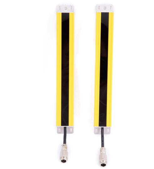 光電保護(hù)裝置通過(guò)相對(duì)紅外光束形成保護(hù)光幕。當(dāng)保護(hù)區(qū)的光束被阻擋時(shí),光幕可以通過(guò)信號(hào)傳輸安全地停止機(jī)器的操作或報(bào)警,從而有效地避免安全事故的發(fā)生。它是工業(yè)上一種先進(jìn)而高效的安全保護(hù)裝置技術(shù)。
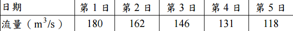 若地下水退水延續至第 16 日,試求當日之河川流量和地下水儲存量。(25 分)
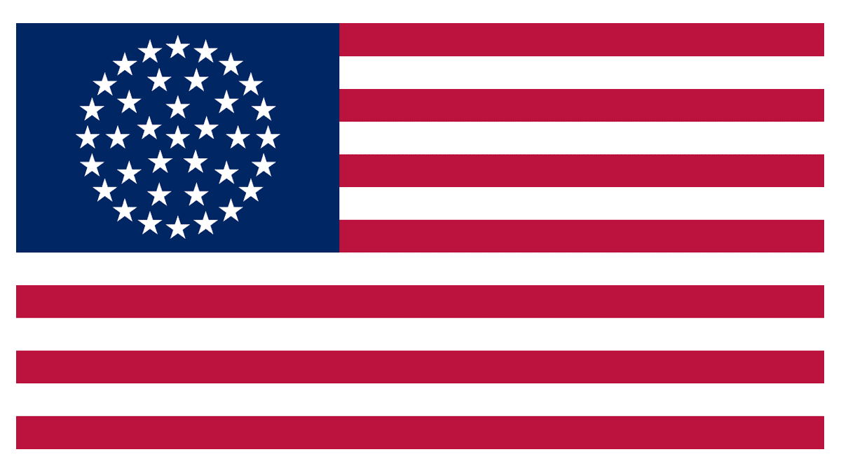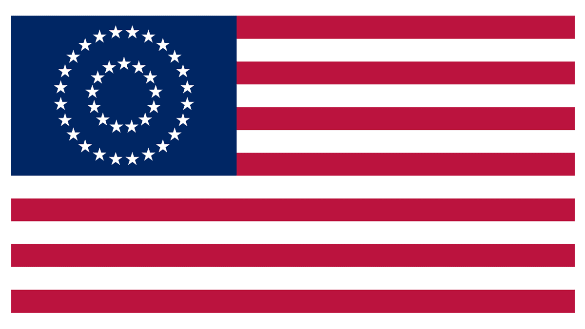The Medallion Continental flag, introduced in 1867, already featured 37 stars, which were placed in two rings — a smaller one inside a large one. In this composition, the stars were drawn in quite a small size, which made the blue shade dominating.
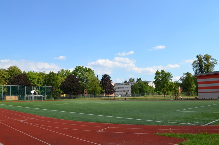 - Hřiště s umělým travnatým povrchem a atletickou dráhou lze využívat pro fotbal a atletiku.

WORK TASK:
An exact repetition of the listing is needed, with the pictures dropped.

SOLVED PROBLEM:
 光電保護(hù)裝置通過(guò)相對(duì)紅外光束形成保護(hù)光幕。當(dāng)保護(hù)區(qū)的光束被阻擋時(shí),光幕可以通過(guò)信號(hào)傳輸安全地停止機(jī)器的操作或報(bào)警,從而有效地避免安全事故的發(fā)生。它是工業(yè)上一種先進(jìn)而高效的安全保護(hù)裝置技術(shù)。
 若地下水退水延續至第 16 日,試求當日之河川流量和地下水儲存量。(25 分)
The Medallion Continental flag, introduced in 1867, already featured 37 stars, which were placed in two rings — a smaller one inside a large one. In this composition, the stars were drawn in quite a small size, which made the blue shade dominating.
 - Hřiště s umělým travnatým povrchem a atletickou dráhou lze využívat pro fotbal a atletiku.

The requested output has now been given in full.